I need help.

Question

The number of telephone connection C(n) that can be made among n telephone is given by the quadratic function C(n) =1/2(n^2-n). How many telephones are needed to make 66 connections?

A financial planner invested part of 50,000 at 7.5% simple annual and the rest at 6% simple annual interest.
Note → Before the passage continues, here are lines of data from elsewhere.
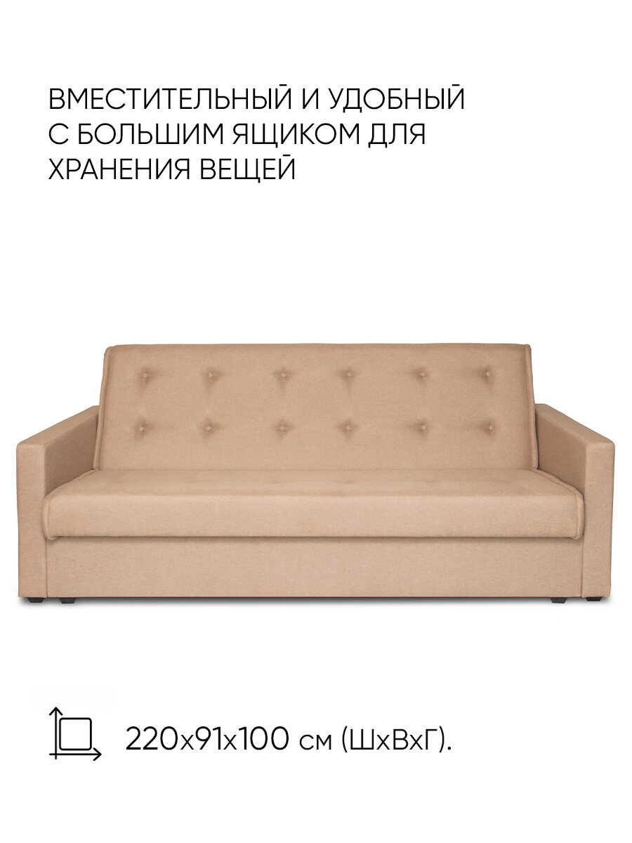 Диван кровать раскладной с подлокотниками и ящиком, 217х100х91 см, Бежевый Лагуна 130 информация: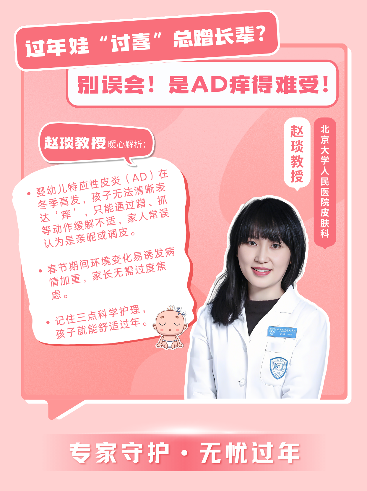 “婴幼儿特应性皮炎(AD)在冬季高发,孩子无法清晰表达‘痒’,只能通过蹭、抓等动作缓解不适,家人常误认为是亲昵或调皮。春节期间环境变化易诱发病情加重,家长无需过度焦虑,记住三点科学护理,孩子就能舒适过年: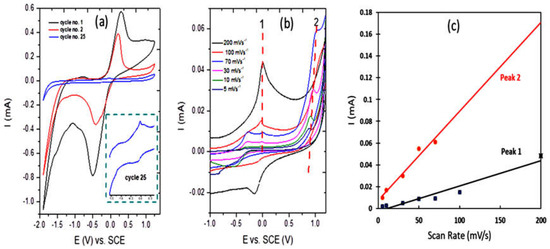 For the Cu-OC, as shown in Figure 6a, a large diminishing of the peek current appeared, and oxides of copper were produced with limited solubility as the potential was increased in the case of alkali metal hydroxide solutions [30]. Additionally, soluble species such as Cu(OH)4−2 were also speculated to form [31], which explained the large decay in the peak current. In Figure 6b, peak 1 may have been attributed to the formation of Cu2O whereas peak 2 may have been attributed to the soluble product of Cu(OH)4−2. The two peaks in the reduction region may have been due to the formation of Cu from CuO, at a potential of −0.12(V) and Cu(OH)4−2, or at a more negative optional up to −1 (V). As seen in Figure 6c, the anodic peak current increased linearly with an increasing scan rate, which indicates that the redox process was non-diffusional.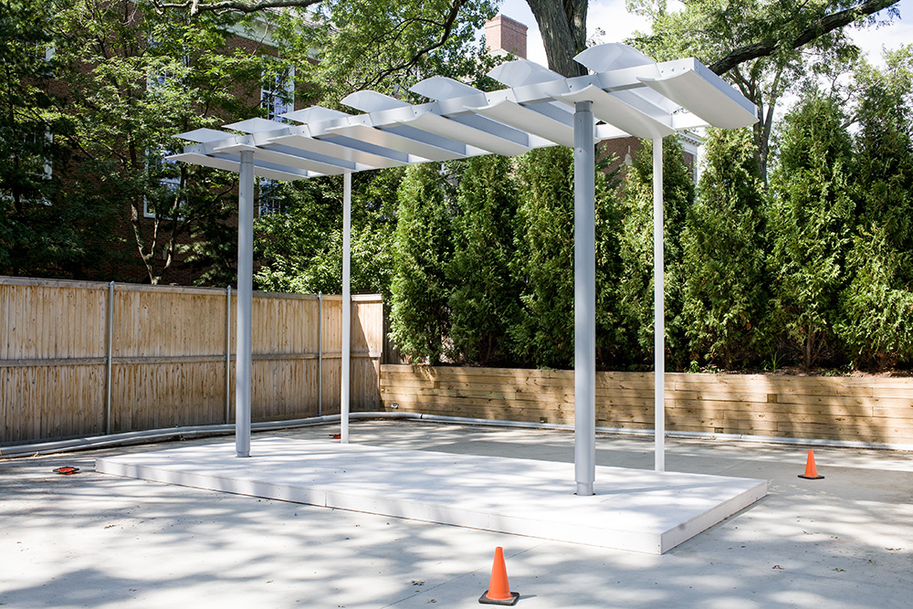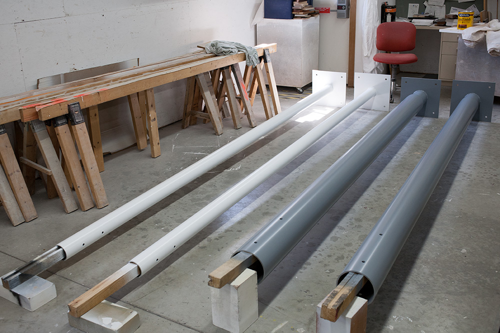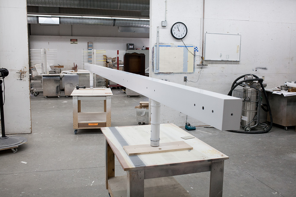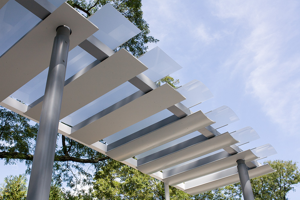 The artwork runs the length of the renovated circulation bridge linking the North Concourse with the newly renovated Terminal 3 and Grand Hall. The luminous volume of the artwork is generated by sunlight entering the bridge’s west-facing window wall and interacting with a matrix of suspended gold and blue hexagonal reflectors, the resulting effects captured by a delicately etched plane of glass.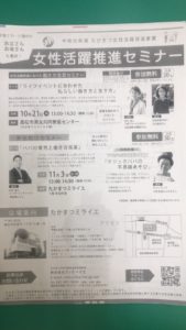 Home › お知らせ › 女性活躍推進セミナー🎶 2019-10-18 女性活躍推進セミナー🎶 2つとも開催場所が たかまつミライエであるようです。 関連記事 県育成会からのお知らせです😁 こんばんは✨ 暑すぎる☀️😵💦 ご案内😊 手紙を発送しました いよいよ二週間後に‼️ 11月10日の開催です‼️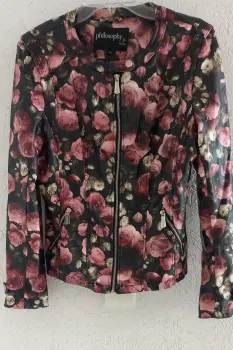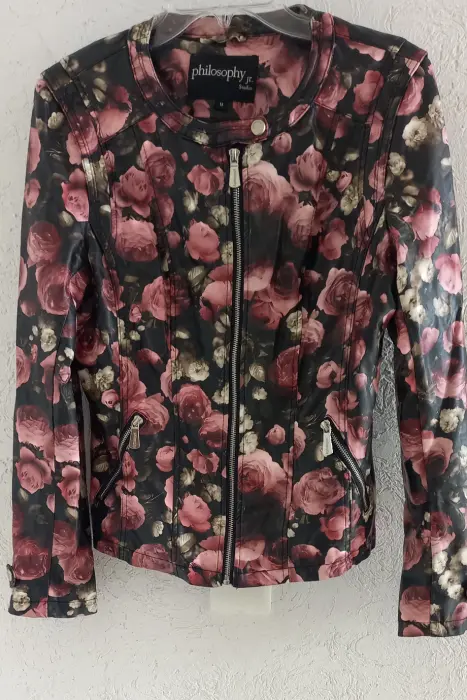 Chamarra floral. Chamarra negra floreado con tonos rosados y hojas verde olivo.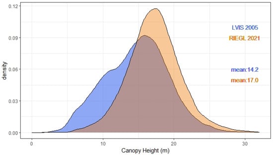 According to Roberts [], canopy structure (e.g., density and closure) influences the recognition of the highest point of the canopy instead of the highest peak of the largest mode in a waveform. Therefore, to select the ground peak, Harding et al. [] specified that the ground surface must be the end-peak of the relative amplitude. They also found that the beginning of the first main peak was at the top of the canopy and the strongest return from the bottom was the ground return. Therefore, it is hypothesized that the RIEGL average tree height () in 2021 is greater than the LVIS average tree height in 2005.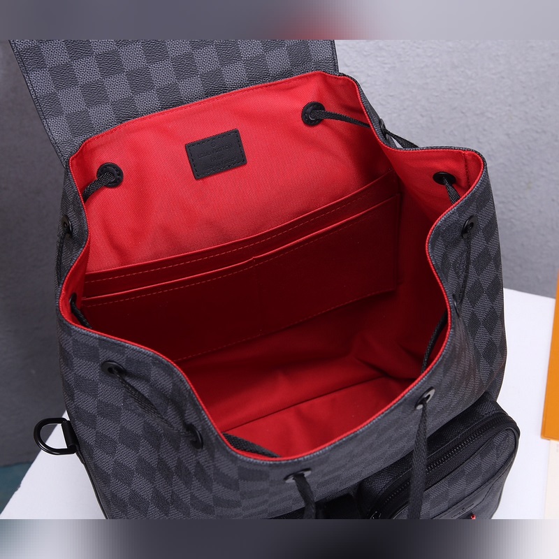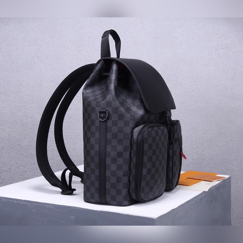 LV 유틸리티 백팩 올스틸 하드웨어 모델: N40279 유틸리티 백팩은 다미에 그라파이트 캔버스로 만들어졌으며 안감 끈 금속 D링이 달려 있습니다. 큰 사이드 포켓은 비즈니스 요소를 더해 주고 탈착식 어깨끈은 편안한 운반을 가능하게 해 2019년 가을/겨울 컬렉션의 트리오 백팩의 디자인 본질을 이어갑니다. 다미에 그라파이트 코팅 캔버스 소가죽 트림 패브릭 안감 금속 부품 드로스트링 잠금장치 전면 지퍼 잠금장치 메인 수납공간 1개 지퍼 외부 포켓 1개 내부 패치 포켓 1개! 크기: 33 x 41 x 16cm

The total interest earned the first year was $3,240. Find the amount invested at each rate

Answer 1

1)

Number of connections n = 66.

Given quadratic function of the number of telephone C(n) =1/2(n²-n).

C(n) =(n/2)(n – 1)

Substitute n = 66

C(66) =(66/2)(66 - 1).

= 33(65)

= 2145

The number of telephones for 66 connections is 2145.

Answer 2

2)

Let

x = The number of dollars invested at simple annual interest rate of 7.5 %

y = The number of dollars invested at  simple annual interest rate of 6 %

Total investment = x + y

Actual Total investment = 50000.

x + y = 50000

y = 50000 - x.                              --------------------------------- (1)

Time = 1 year

Formula of simple interest I = PTR/100

Interest earned at the rate of 7.5 % is I_x = (x)(1)(7.5)/100

I_x = 0.075x

Interest earned at the rate of 6 % is I_y = (y)(1)(6)/100

I_y = 0.06y

The total interest earned the first year = I_x + I_y = 0.075x + 0.06y

Actual total interest earned the first year = 3240

0.075x + 0.06y = 3240

Multiply each side by 100.

( 0.075x + 0.06y ) 100 = (3240)(100)

7.5x + 6y = 324000.                           --------------------------------- (2)

Substitute equation (1) in equation (2)

7.5x + 6(50000 - x) = 324000

7.5x + 300000 - 6x = 324000

1.5x = 324000 – 300000

1.5x = 24000

x = 24000 / 1.5

x = 16000.

Substitute x = 16000 in equation (1)

y = 50000 - 16000

y = 34000.

Solution :

The $ 16,000 invested at simple annual interest rate of 7.5 %.

The $ 34,000 invested at simple annual interest rate of 6 %.